• [Try it]:
Repeat only the lines below from the one that contains "Plate 4: Moll" through the final line, exactly. Omit pictures.

• [Dataset content]:
______________________________

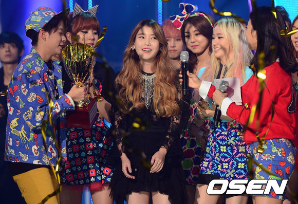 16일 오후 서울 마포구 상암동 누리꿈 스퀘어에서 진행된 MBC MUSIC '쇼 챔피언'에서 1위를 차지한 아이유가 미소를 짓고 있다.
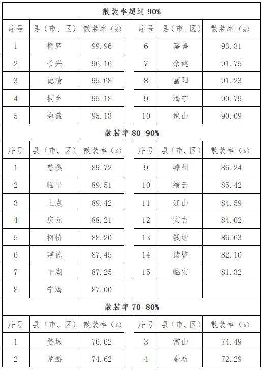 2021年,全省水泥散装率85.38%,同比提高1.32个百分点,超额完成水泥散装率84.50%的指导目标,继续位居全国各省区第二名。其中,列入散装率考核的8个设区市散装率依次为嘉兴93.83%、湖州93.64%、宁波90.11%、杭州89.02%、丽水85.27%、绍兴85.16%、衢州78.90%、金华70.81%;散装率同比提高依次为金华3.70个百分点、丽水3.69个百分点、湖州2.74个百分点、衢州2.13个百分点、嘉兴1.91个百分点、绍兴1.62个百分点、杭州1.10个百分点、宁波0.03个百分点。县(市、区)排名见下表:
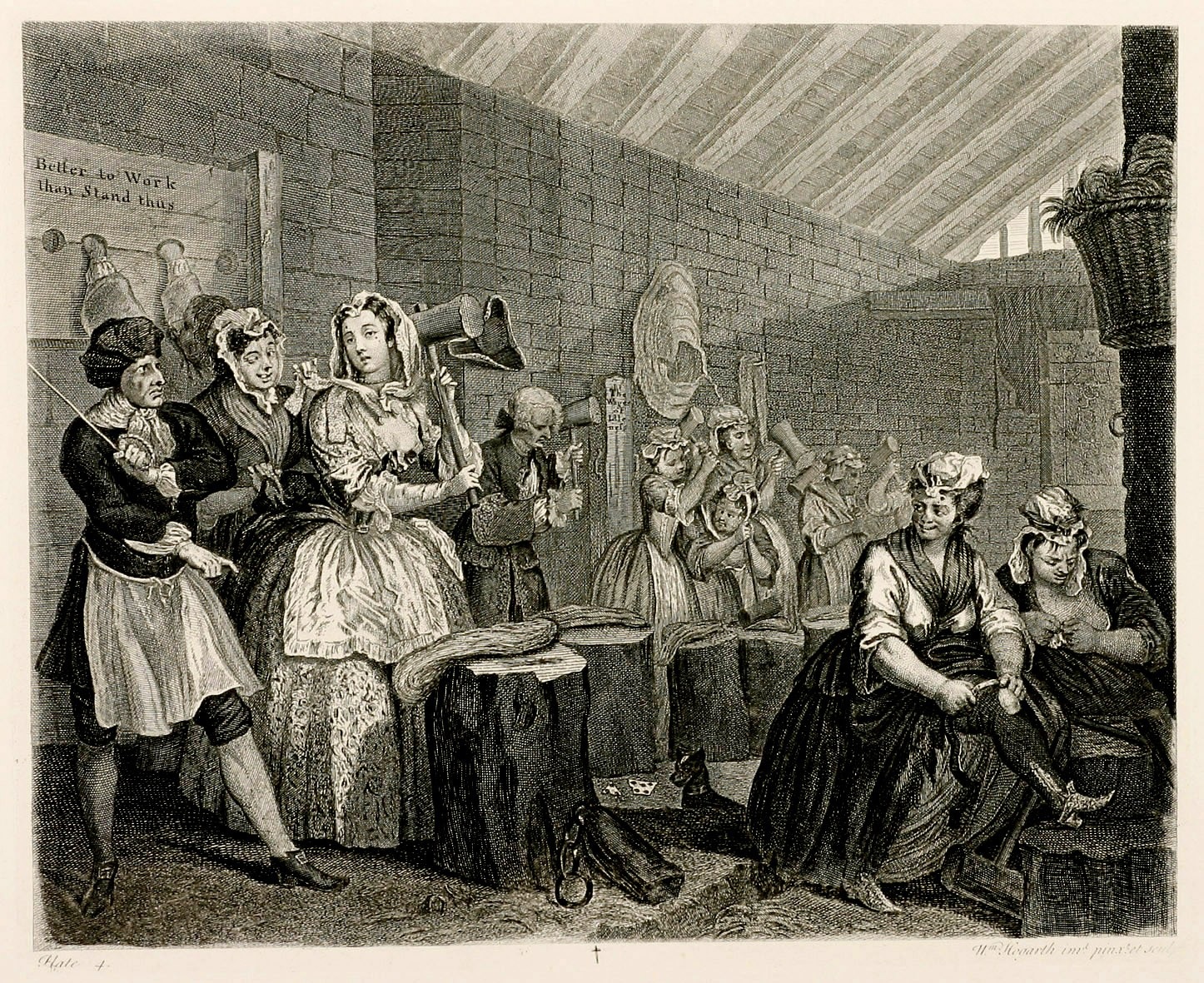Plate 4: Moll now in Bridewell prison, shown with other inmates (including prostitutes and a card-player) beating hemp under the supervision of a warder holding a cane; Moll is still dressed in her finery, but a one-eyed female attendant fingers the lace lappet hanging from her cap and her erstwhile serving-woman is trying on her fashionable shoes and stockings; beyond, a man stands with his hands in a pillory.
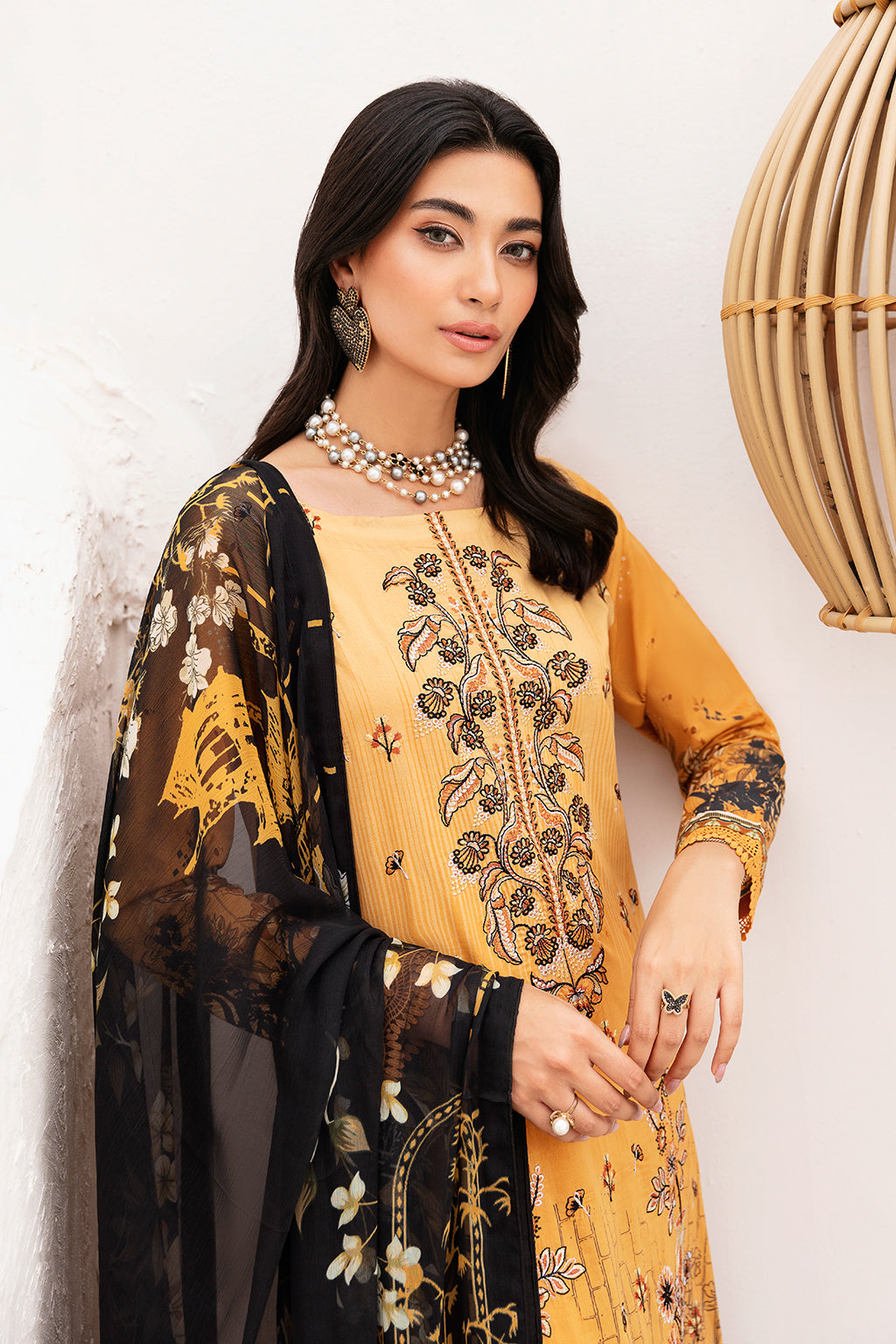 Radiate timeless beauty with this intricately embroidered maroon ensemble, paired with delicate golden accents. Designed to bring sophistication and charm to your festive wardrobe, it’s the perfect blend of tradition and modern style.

______________________________

• [Answer to the problem]:
Plate 4: Moll now in Bridewell prison, shown with other inmates (including prostitutes and a card-player) beating hemp under the supervision of a warder holding a cane; Moll is still dressed in her finery, but a one-eyed female attendant fingers the lace lappet hanging from her cap and her erstwhile serving-woman is trying on her fashionable shoes and stockings; beyond, a man stands with his hands in a pillory.
 Radiate timeless beauty with this intricately embroidered maroon ensemble, paired with delicate golden accents. Designed to bring sophistication and charm to your festive wardrobe, it’s the perfect blend of tradition and modern style.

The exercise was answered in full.